0
votes

I've been using a SSIS Integration component to download data from Google Analytics in order to keep an historical view of some websites and track the evolution of them. Basically the metrics we track are Visits (now Sessions) and Visitros (now Users), and the dimensions are Year and Month. However, today I noticed that the data I downloaded for july had a variation on the Users metric. I heard that google analytics uses an estimation method to "calculate" some (if not all) of their metrics, could it be that after that they "adjust" the data with more acurate information? If so, is this mentioned in the documentation? (a link would be highly appreciated) Since the users are complaining that we are not delivering the real GA Data. I tried looked on the Google analytics documentation page with no luck.

Thanks for your time.

PS: Sorry for my english, it isn“t my native language

2
1. Depending upon when you down load the data it can take time for it to finish processing. Up to 48 hours. 2. Depending upon how much data you are extracting your data could be sampled. 3. Whos SSIS task are you using? - DaImTo
Hello, thanks for your answer, im using a ssis task from this page ssis-components.net. However before using it i validated that the data i download its the same as the one showed on the google analytics platform. I Run my extracction task every 1st day of the month at 3 am - OcR
You should contact them, sounds like your data is sampled or something. Try running again for July now and see if it still returns incorrect data. Or try running this ga-dev-tools.appspot.com/explorer it will at least show you what numbers your SSIS task should be returning. - DaImTo

2 Answers

0
votes

If you are using the standard version of Google Analytics (you'll know if you are paying $150k for premium), data is sampled depending on volume. Have a read of this article can-you-trust-your-google-analytics-data

I have seen very slightly differing results being returned if you repeatedly call the api with the same historical parameters repeatedly. In my case the figures only differed by 1-2 over a daily set of several thousand, but nevertheless it differed.
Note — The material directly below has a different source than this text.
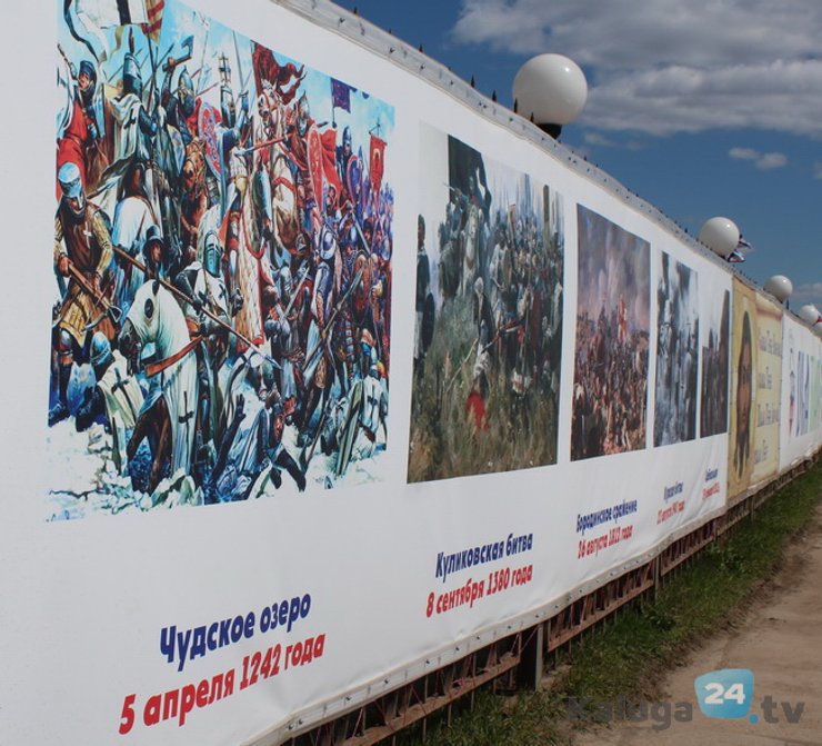 На баннере указаны битва на Чудском озере, Куликовская битва, Бородинское сражение и Дебальцево, покинутый украинскими военнослужащими в феврале.

If you want to guarantee your results, consider upgrading to premium

0
votes

Sampling could be an issue if what you are requesting is over 50,000 rows for the time period you are requesting. To avoid it you can download more often, such as daily.

But I think your issue is that there is a processing time for Google Analytics - if you are downloading at 3 am on the 1st it is probable that the processing for the previous day has not finished.

Google Analytics Premium SLA is for 4 hour data freshness, so even that would have trouble. Pragmatically you should allow 24 hours before you download data for the previous day, 48 hours for e-commerce data.

Thirdly make sure it is not Unique Visitors you are requesting, as this is dependent on the time period you are requesting.